The pointer to the current object is normally made available by the compiler in a non-static member function by using a register, usually ECX. So when you write this in a non-static member function the compiler will translate that call into loading the address from ECX.
Check this simple example:
A t;
t.Test();
004114DE lea ecx,[t]
004114E1 call std::operator > (41125Dh)
Before calling the non-static member function Test() the compiler loads the register ECX with [t] (the address of variable t - will be this inside Test method).
004114DE lea ecx,[t]
And inside the function it can use ecx to obtain the address for the current object instance.
this is a hidden parameter in all methods of an object and contains a copy of the instance pointer.
Consider this class
class A {
private:
int data;
public:
void SetData(int arg) {
this->data = arg;
}
}
and this code that calls SetData():
A objA;
objA.SetData(1);
When the above code is compiled, the compiler emits something equivalent to this for the member function:
void SetData(A* this, int arg) {
this->data = arg;
}
And the calling code is converted to something like this:
A objA;
SetData(&objA, 1);
What this means is that upon compilation:
Member functions are converted to simple, global functions.
The class instance to which member functions "belong" is simply passed as the first argument to them (or rather its address is passed).
So in conclusion, what you refer to as this pointer in your code simply ends being the the first argument to the function. This is how the "system knows" which object to access through the "this" pointer.
The above example is of C++. If you for a moment forget about the CLR and the JITting and all that, what happens in C# is conceptually the same thing.
At run time "this" will resolve to the pointer to the current object, therefore "the system" will be able to call a respective method on that object.
I would have answered "It is a reference to the instance of the current class."
Dan
The compiler takes care of correctly resolving that reference at compile time.
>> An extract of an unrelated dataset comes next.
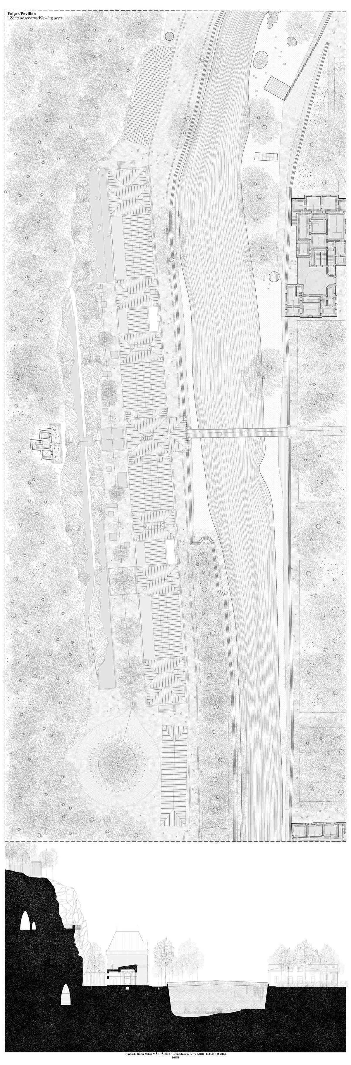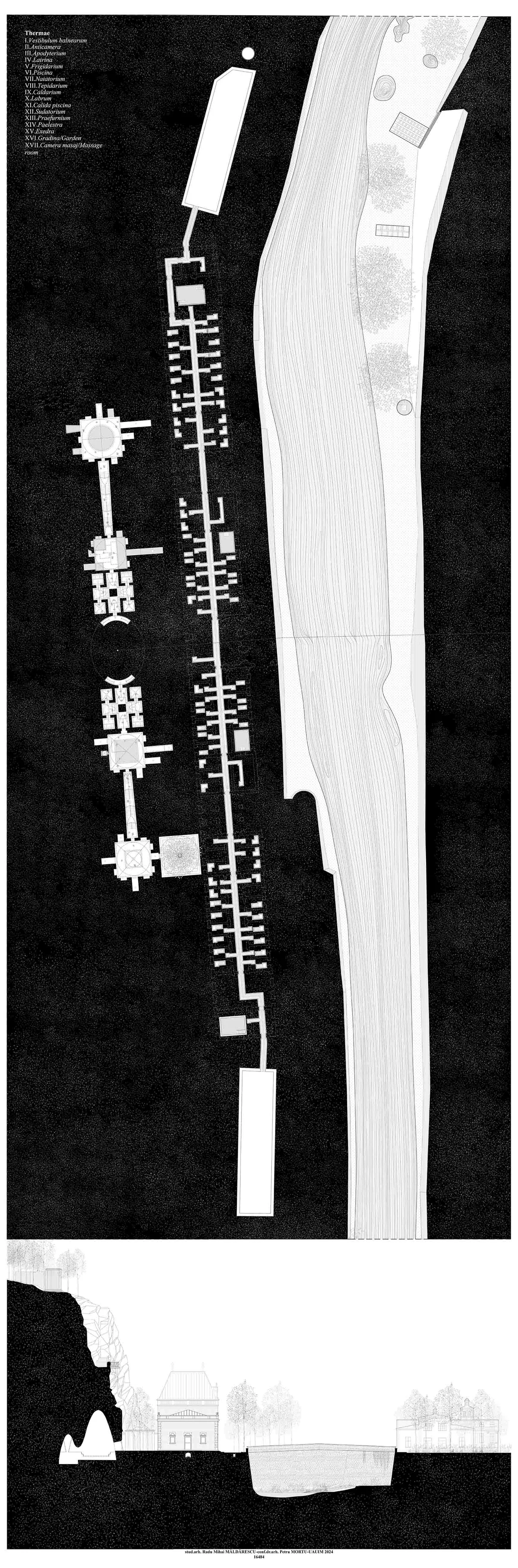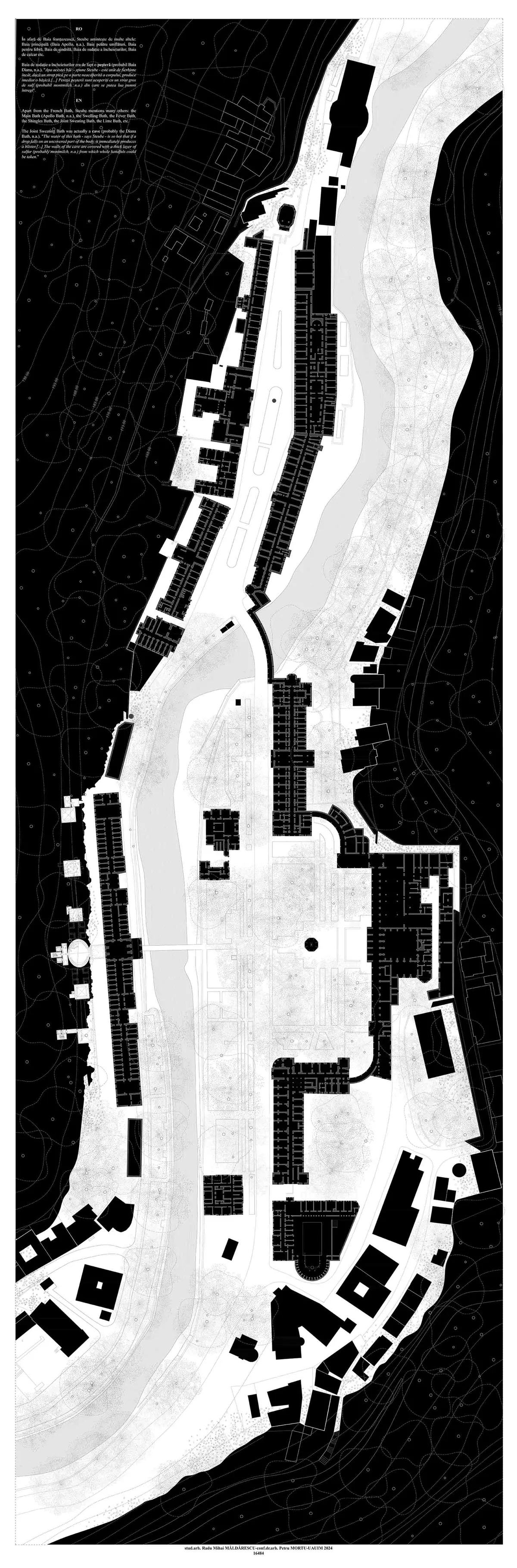 Local spa resorts are grappling with an outdated image of their cultural landscape and the inability of the built environment to relate to its surroundings. These shortcomings form the subject of the diploma project, which aims to restore the lost connections of the historic core and propose a scenario for regenerating the representative image of the Băile Herculane resort. The building of the former imperial baths is the focus of this project. Consequently, the intervention area is represented by the interstitial space between the object and it’s landscape, specifically the rocky cliff against which it’s silhouette is outlined. The solution employs two distinct procedures: subtraction and addition, ensuring that the relationship between the historic image of the baths and the intervention becomes complementary and maintains the character of the place. The interior spaces follow the structural rationales imposed by the environment of the intervention, resulting in distinct structural solutions for the room ceilings, yet in line with their functions. The objective of the intervention is to present contemporary architecture as an integrated part of the landscape and to raise awareness about the importance of architecture that cannot create visual unity without considering the specificities of its environment.

If you want to know more information about some of the techniques they use to do this, this book will tell you everything you need to know:
http://en.wikipedia.org/wiki/Compilers:_Principles,_Techniques,_and_Tools
in c the this pointer is an invisible pointer argument to your class.
So in essence the first argument to a class method is the pointer to the class itself. You reference it by using this.
My answer would have been "Who cares? It knows. If I ever need to find out in more detail I'll Google it."
You obviously know what the effect of using "this" would be, which surely is the important thing. For 99% of programming tasks I would have thought that the detail of how it is resolved internally is trivia.
Shematicaly compiler converts such code:
pObject->someMethod(A,B,C)
Into such code if 'someMethod' is not virtual:
someMethod(pObject,A,B,C)
Or into such code if 'someMethod' is virtual:
(*pObject->vtable[someMethodIndex]) (pObject, A,B,C)
And everywhere you place 'this' keyword first parameter is used instead of it;
Of course compiler may optimize/simplify by removing first argument and use some CPU register (normally esx) to store object's address.
The "this" operator will point to the current object. An example where the presence of a "this" operator will make a difference is this:
public class MyClass
{
int value;
public void Test(int value)
{
MessageBox.Show(value); // Will show the parameter to the function
MessageBox.Show(this.value); // Will show the field in the object
}
}
Note that the "this" operator will not change what virtual function will be called if it is overridden in a child class
public class MyClass
{
public virtual void Test() {}
public void CallTest()
{
this.Test();
}
}
public class MyClass2 : MyClass
{
public override void Test() {}
}
If you execute the following code
MyClass c = new MyClass2();
c.CallTest();
will still call the MyClass2.Test() and not MyClass.Test()
So the "this" operator simply tells you, that you are accessing something declared at class level.